A full copy of the Generative Art Group book (1973) appears on the website of the Paul Neagu estate

GENERATIVE ART GROUP / G.A.G. – was founded in 1972 by Paul Neagu and his four friends, Husny Belmood, designer Philip Honeysuckle, painter Edw. Larsocchi and poet Antoni Paidola – five artists concerned with open-axiomatic art forms. They individually create units which can be conjunction with each other as components of a complete structure – a whole with its own life, a self-regulating system of suggestions and transformations.

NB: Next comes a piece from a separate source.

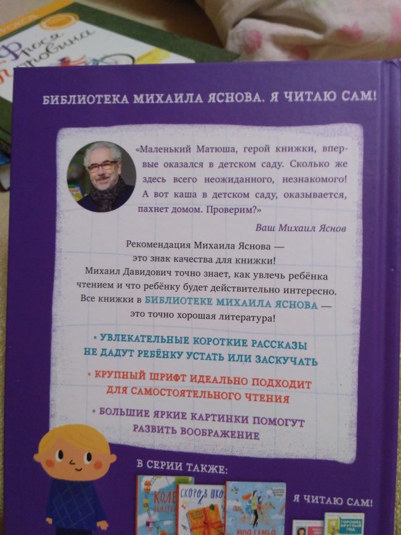 Как попала ко мне в корзину эта книга, вообще непонятно. Внешне она абсолютно клевером скачать, с их одинаковыми иллюстрациями. Наверное, имя автора подкупило- Ирина Заратайская. Текст абсолютно бесхитростный: мальчик Матюша впервые идет в садик. Собственно его первый день и описан. Сначала было грустно, но потом оказалось, что в садике не так всё и плохо.Очень просто, простыми предложениями. Без лишних описаний. Для взрослого покажется стилистически похожим на какой-то языковой учебник. Но может это и подкупает? Лесе книга однозначно понравилась. Просит читать про Матюшу.

… so begins a book published by Paul Neagu in 1973. Entitled Generative Art Group, it catalogued the activities of an international fraternity of artists. The Group’s members appear in enigmatic photographic portraits on its monochrome pages: Belmood feeds pigeons in a grainy shot apparently taken in Paris; Neagu, himself, is shown naked astride an exercise bicycle atop a chest of draws with the caption “Silent event”; and a long-haired Honeysuckle turns his back on the camera and directs his brush to a roughly plastered wall in an image described as an “open action”. Much less a declaration than Neagu’s “Palpable Art Manifesto” published four years earlier,[1] the 1973 publication is esoteric, literally. Artworks and portraits are accompanied by philosophical texts exploring “hidden” order in the universe: short passages from Russian mathematician and mystic Pyotr Ouspensky’s 1912 text Tertium Organum. A Key to the Enigmas of the World appear in typeset paragraphs, and a transcription of a passage from astronomer and mathematician Johannes Kepler’s Harmonices Mundi (1619) features as a careful handwritten script.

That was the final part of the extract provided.